Autumn Statement 2014 series: Lower business rates and employment costs
With this Autumn Statement the chancellor has a real opportunity to help lift a major burden on small businesses by lowering business rates.
The prospect of lower business rates was raised in October by business secretary Vince Cable and I sincerely hope the government follows through on this measure.
Business rates are a real constraint for those businesses that are considering a move to larger premises and I’m aware of businesses that have actually downsized to save on business rates.
Of course, business rates are an essential element in funding local government services. However, over recent years I have seen more small businesses put under significant financial pressure from escalating business rates. This must be putting a brake on the economic recovery.

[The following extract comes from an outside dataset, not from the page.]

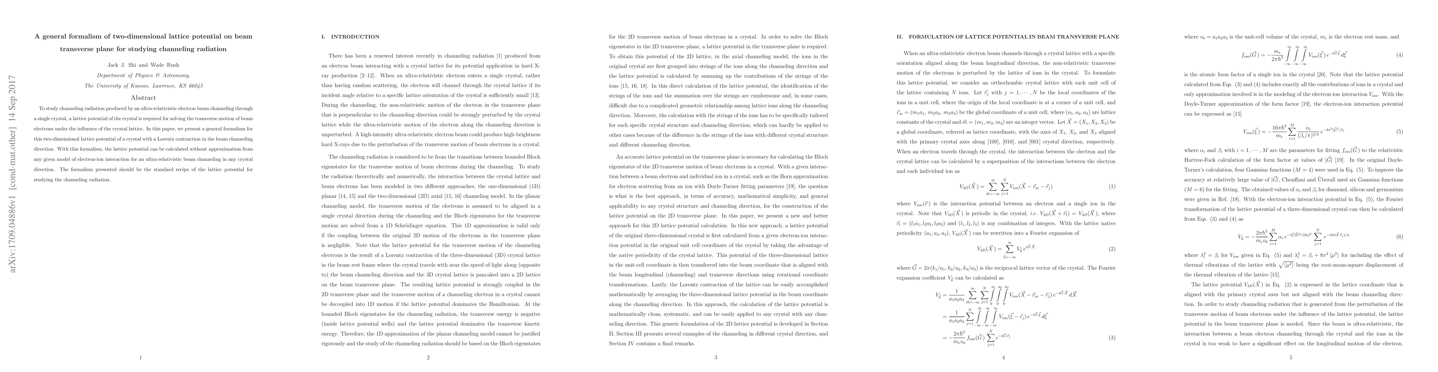This paper introduces a general formalism for calculating the two-dimensional lattice potential in crystals for studying channeling radiation from ultra-relativistic electron beams. The formalism accounts for Lorentz contraction and allows for precise calculations without approximations, applicable to any electron-ion interaction model.

Business rates have become merely a tax collection exercise where it’s hard to see what businesses get back in return. I would like to see an overhaul of the system so each authority is required to devise a system of rating which is mindful of business needs and has the promotion of enterprise as a key component. The system needs to be flexible so it can react to changing fortunes in the local economy.
The other area where I would like to see the chancellor take strong action is on employer National Insurance contributions (NICs). Businesses have already found their employment costs going up substantially with the advent of auto-enrolment pension legislation. While the £2,000 employment allowance has provided some support, for me, the rate of 13.8 per cent on employer NICs is just too high.
I dare say that many businesses would prefer to see a cut in employer NICs than a cut in the rate of corporation tax because with the latter, you’re only really getting taxed if you’re making money, whereas employer NICs remain the same whether you’re struggling or being successful.
Rachel Marsdin is a tax partner at Moore and Smalley.